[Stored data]
<<<<

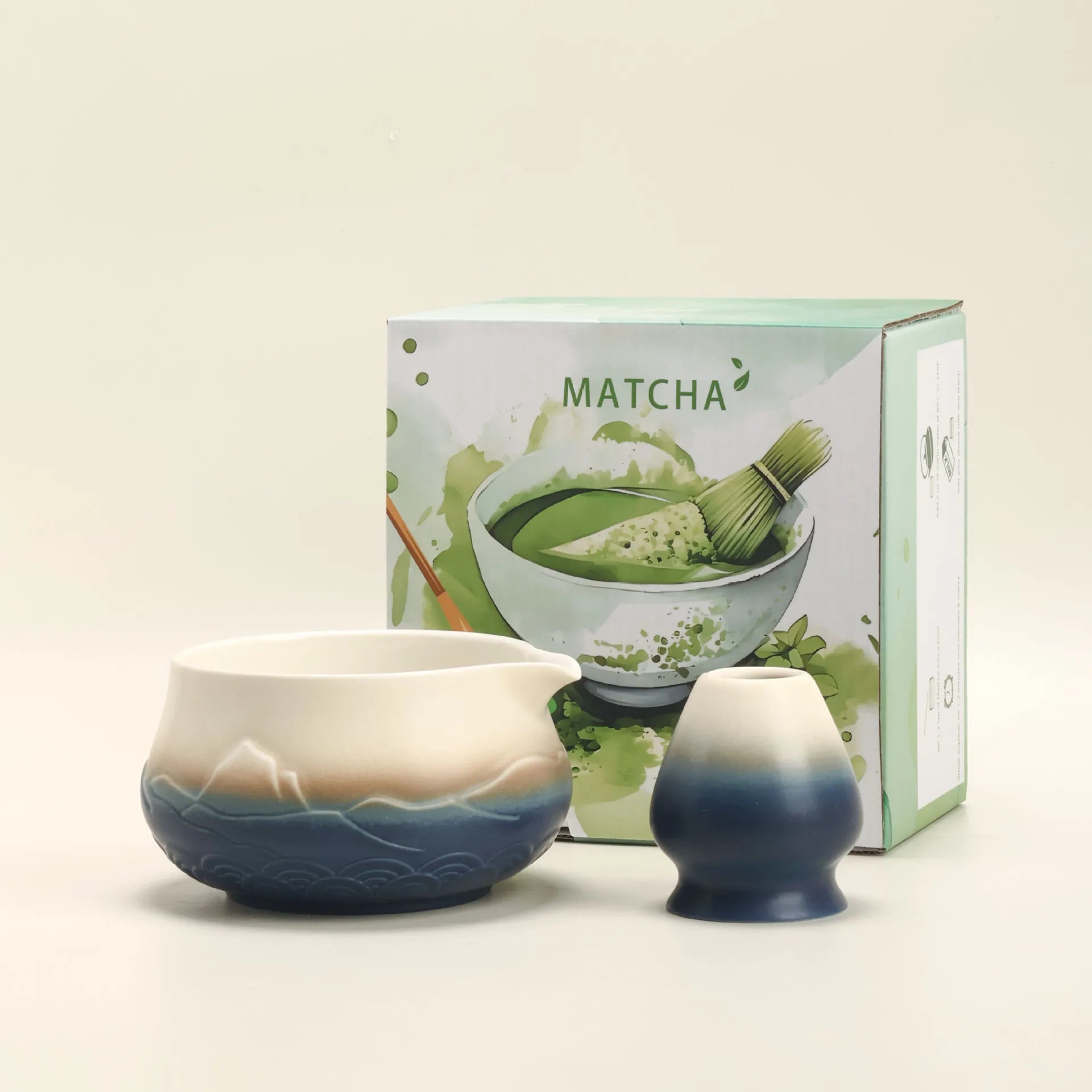 Matcha Tea Bowl & Whisk Holder Set – 2-Piece Ceramic Matcha Making Kit for Japanese Tea Ceremony, Home Brewing & Gift Giving
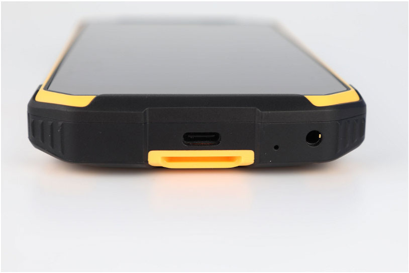 Sur la tranche supérieure, il y a un rabat en caoutchouc qui protège la connexion de l’antenne radio. Au bas de l’appareil, vous trouverez le port USB-C pour recharger la batterie et une prise casque. Les deux ports de connexion ne sont pas protégés par des rabats en caoutchouc, mais cela ne pose pas problème. Même après avoir plongé le Blackview BV9500 Pro dans l’eau la connectique fonctionnée. Par contre les poussières et autres micro particules peuvent pénétrer à l’intérieur. Le haut-parleur multimédia est placé à l’arrière sur la partie inférieure.
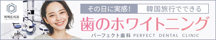 パーフェクト歯科はホワイトニングで日本でも有名な江南にある歯科クリニックです。即効性があるオフィスホワイトニングが人気で効果も高いとSNSでも話題。もちろんこちらのクリニックも通訳が付くので韓国語がわからなくても安心してホワイトニングすることができます、金額的にもリーズナブルなのも魅力の1つです。
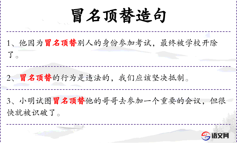 - 冒名顶替:动词短语,指使用别人的身份或名字进行欺骗。
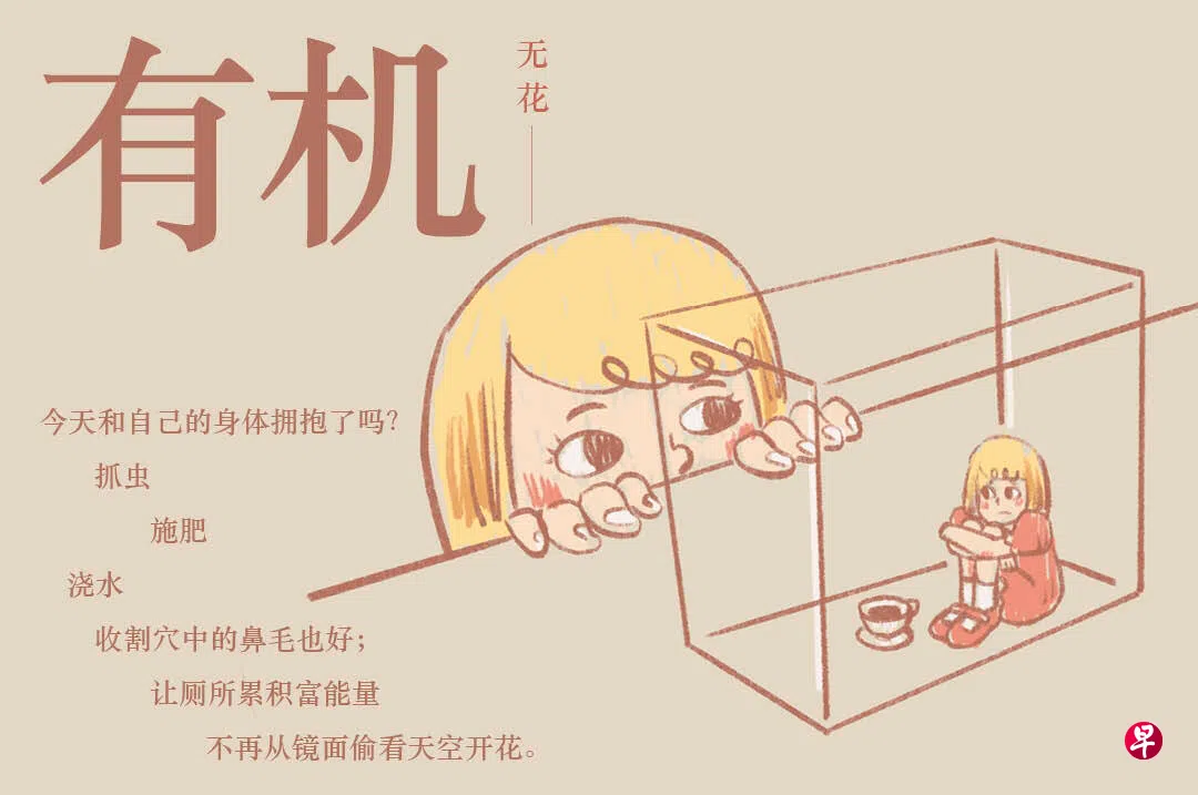 无花的这首《有机》以独特的诗性语言,反观现代人类自我疏离却又渴望回归的生存困境。在迷失自我的现代社会,《有机》希冀一条自我对话与超越,恢复生命整体性的可能路径。
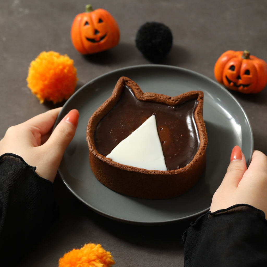 今年も「ねこねこ」から『はちわれ~チョコチーズタルト~』が期間限定で登場!8の字のように毛色が分かれた「はちわれ」のねこをイメージした季節限定のチーズタルトです🖤ココア風味のタルト生地にクリームチーズとガーナ産のカカオマスを使用した生地を流し込み、ホワイトのグラサージュでねこの「はちわれ」模様を表現いたしました。ほんのりビターなココアの風味と、口あたりなめらかでコクのある味わいをお楽しみいただける、ハロウィンパーティのメインにもぴったりなスイーツです🎃
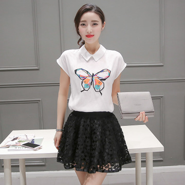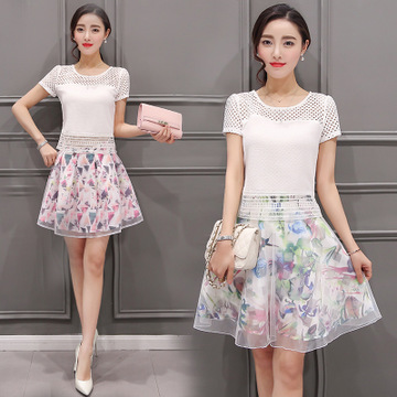 554#【實(shí)拍】2016夏裝新款重工刺繡拼接上衣+印花短裙套裝裙韓版 /
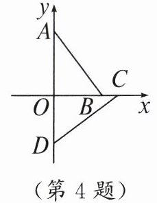 4. 如图,在平面直角坐标系中,已知$A(0,4)$,$B(3,0)$,点$D在y$轴的负半轴上,若$\triangle ABO\cong \triangle CDO$,则点$D$的坐标为( )

>>>>

> [Exercise goal] Without the pictures, give again exactly the lines above starting at the line containing "- 冒名顶替:动词短语,指使用别人的身份或名字进行欺骗。" and ending at the line containing "今年も「ねこねこ」から『はち".

> [Exercise answer]
 - 冒名顶替:动词短语,指使用别人的身份或名字进行欺骗。
 无花的这首《有机》以独特的诗性语言,反观现代人类自我疏离却又渴望回归的生存困境。在迷失自我的现代社会,《有机》希冀一条自我对话与超越,恢复生命整体性的可能路径。
 今年も「ねこねこ」から『はちわれ~チョコチーズタルト~』が期間限定で登場!8の字のように毛色が分かれた「はちわれ」のねこをイメージした季節限定のチーズタルトです🖤ココア風味のタルト生地にクリームチーズとガーナ産のカカオマスを使用した生地を流し込み、ホワイトのグラサージュでねこの「はちわれ」模様を表現いたしました。ほんのりビターなココアの風味と、口あたりなめらかでコクのある味わいをお楽しみいただける、ハロウィンパーティのメインにもぴったりなスイーツです🎃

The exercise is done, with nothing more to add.